The duty of a trial judge to give adequate reasons was at the heart of a recent appeal before the Full Federal Court brought by Carlisle Homes Pty Ltd. Carlisle, who we are acting for, was sued by Barrett Property Group Pty Ltd (Porter Davis Homes) for allegedly infringing copyright in Barrett plans such as “the Seattle”. Barrett has sued several industry players for infringing copyright in the ‘al fresco quadrant’ component of this plan (an open plan area plus courtyard under a single roofline). Carlisle lost at first instance and appealed the decision.
Both parties are competitors in the volume homes market. The appeal centred on Carlisle’s submissions that the trial judge wrongly held that the Carlisle principals had conspired to give false evidence. In making this finding, Carlisle submitted that the trial judge did not deal with testimony contrary to the finding (therefore giving inadequate reasons), and that he failed to test his conclusions against the design derivation case that Carlisle Homes had advanced at trial. Noel Hutley SC submitted for Carlisle that, given the seriousness of the findings made by the trial judge, it was incumbent on him to evaluate fully all central evidence giving rise to this conclusion. It was also necessary to test his findings against the apparent ‘fingerprints’ in Carlisle’s initial drawing which indicated that the design source was not a Barrett plan. By failing to do this, Carlisle argued that there was a significant error justifying a new trial. To do otherwise would deny Carlisle and its principals procedural fairness given the potential adverse impact these findings could have on their reputations.

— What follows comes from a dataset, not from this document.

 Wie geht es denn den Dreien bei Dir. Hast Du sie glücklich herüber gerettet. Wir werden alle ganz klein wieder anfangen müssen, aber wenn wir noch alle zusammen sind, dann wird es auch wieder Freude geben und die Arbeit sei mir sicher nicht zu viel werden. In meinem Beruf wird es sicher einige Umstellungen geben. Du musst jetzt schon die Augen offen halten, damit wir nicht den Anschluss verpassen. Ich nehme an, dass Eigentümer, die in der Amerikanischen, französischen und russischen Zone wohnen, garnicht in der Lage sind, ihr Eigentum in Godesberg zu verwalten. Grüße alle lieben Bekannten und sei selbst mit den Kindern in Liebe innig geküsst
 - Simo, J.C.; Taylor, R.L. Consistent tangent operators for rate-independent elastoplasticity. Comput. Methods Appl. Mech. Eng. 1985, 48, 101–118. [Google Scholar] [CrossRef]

The need for judgments to provide adequate reasons is increasing in profile at present. The obvious rationale is that they must provide the “foundation for the acceptability of the decision by the parties and the public” (Soulemezis v Dudley (Holdings) Pty Ltd (1987) 10 NSWLR 247, 249 per McHugh JA). A judgment containing adequate reasons establishes a framework for determining whether the decision has been based on material fact and not mere speculation, whether procedural fairness has been accorded, or whether the judge may have erred at law. Much of this law is emerging from the respective Court of Appeals of New South Wales and Victoria. There are no fixed principles. For instance, the law will not demand an express finding concerning every fact leading to or relevant to a judge’s final decision (Soulemezis v Dudley Holdings, (1987) 10 NSWLR 247 per Mahoney J at 271). However, where the evidence is crucial to the proper determination of the matter and the trial judge has failed to refer to it, this may encourage an appellate court to infer that the evidence was overlooked or not considered by the trial judge (Sun Alliance v Massoud [1989] VR 8). This might result in a finding of mistrial so that a new trial is ordered.

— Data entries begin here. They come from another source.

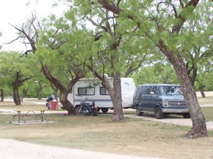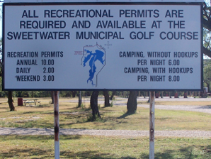 Lake Sweetwater Municipal Park Campground has 32 RV or tenting sites with water and electric hookups, plus dozens of unmarked RV and tent spaces without hookups. Call (325) 235-8816 for availability and reservations. The cost is $10 per night for sites with hookups or $6 per night for spaces without.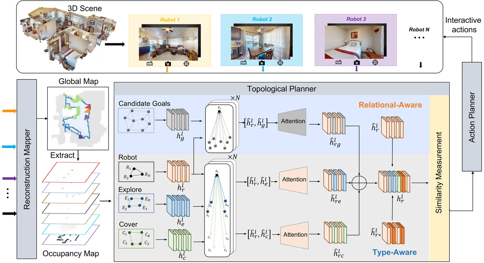In multi-robot collaborative area search, a key challenge is to dynamically balance the two objectives of exploring unknown areas and covering specific targets to be rescued. Existing methods are often constrained by homogeneous graph representations, thus failing to model and balance these distinct tasks. To address this problem, we propose a Dual-Attention Heterogeneous Graph Neural Network (DA-HGNN) trained using deep reinforcement learning. Our method constructs a heterogeneous graph that incorporates three entity types: robot nodes, frontier nodes, and interesting nodes, as well as their historical states. The dual-attention mechanism comprises the relational-aware attention and type-aware attention operations. The relational-aware attention captures the complex spatio-temporal relationships among robots and candidate goals. Building on this relational-aware heterogeneous graph, the type-aware attention separately computes the relevance between robots and each goal type (frontiers vs. points of interest), thereby decoupling the exploration and coverage from the unified tasks. Extensive experiments conducted in interactive 3D scenarios within the iGibson simulator, leveraging the Gibson and MatterPort3D datasets, validate the superior scalability and generalization capability of the proposed approach.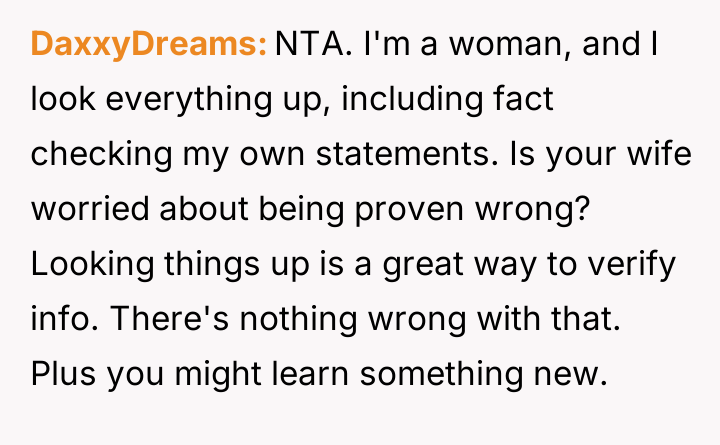 AITA for researching stuff when my wife corrects me or tells me something I didn't know?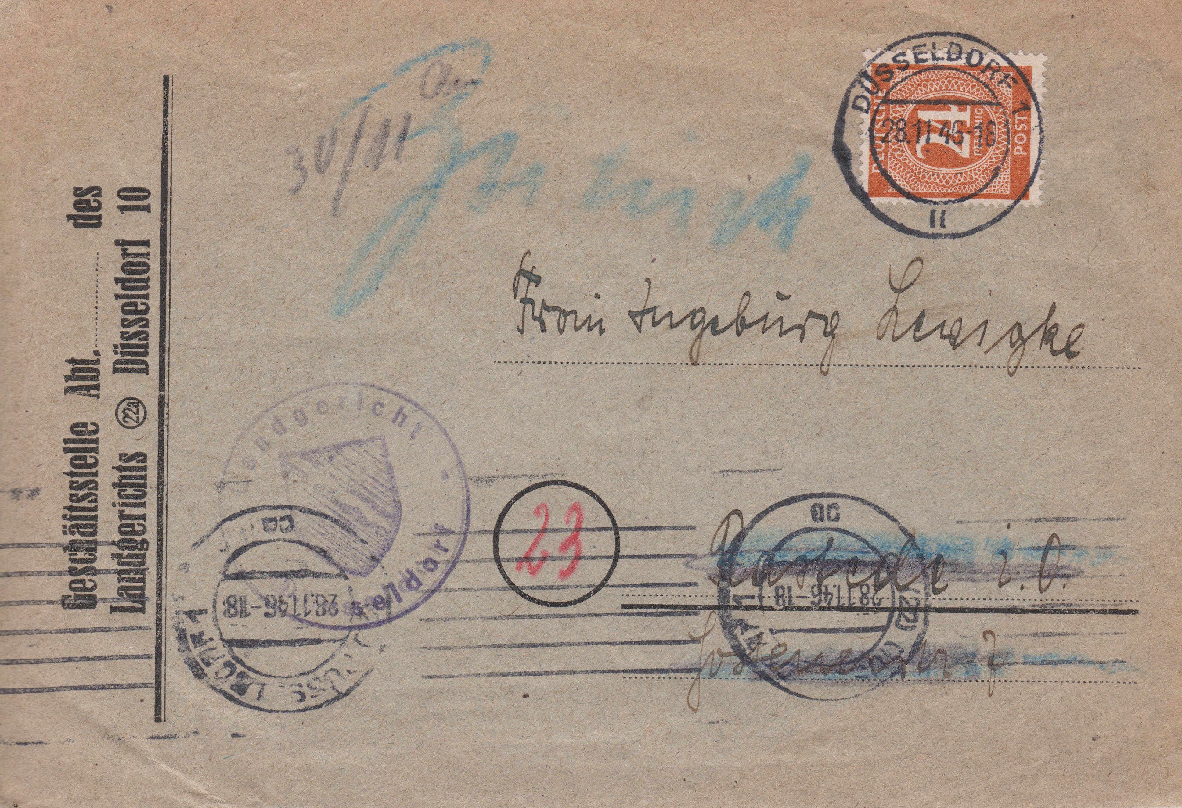 Einzelfrankatur MiNr. 925 am 07.08.1946 auf Brief vom Landgericht Düsseldorf, portogerecht im Fernverkehr von (22) DÜSSELDORF nach 10 Grosskötner über Hettstedt:

A review of the cases shows that there are strong comments being made about the duty of a judge to provide proper reasons. Equally though, this needs to be balanced against the possibility that too much irrelevant detail will be included in judgments capable of muddying, rather than clarifying, the reasons for decision. The Full Federal Court, comprising Tamberlin, Sundberg and Besanko JJ has reserved its decision.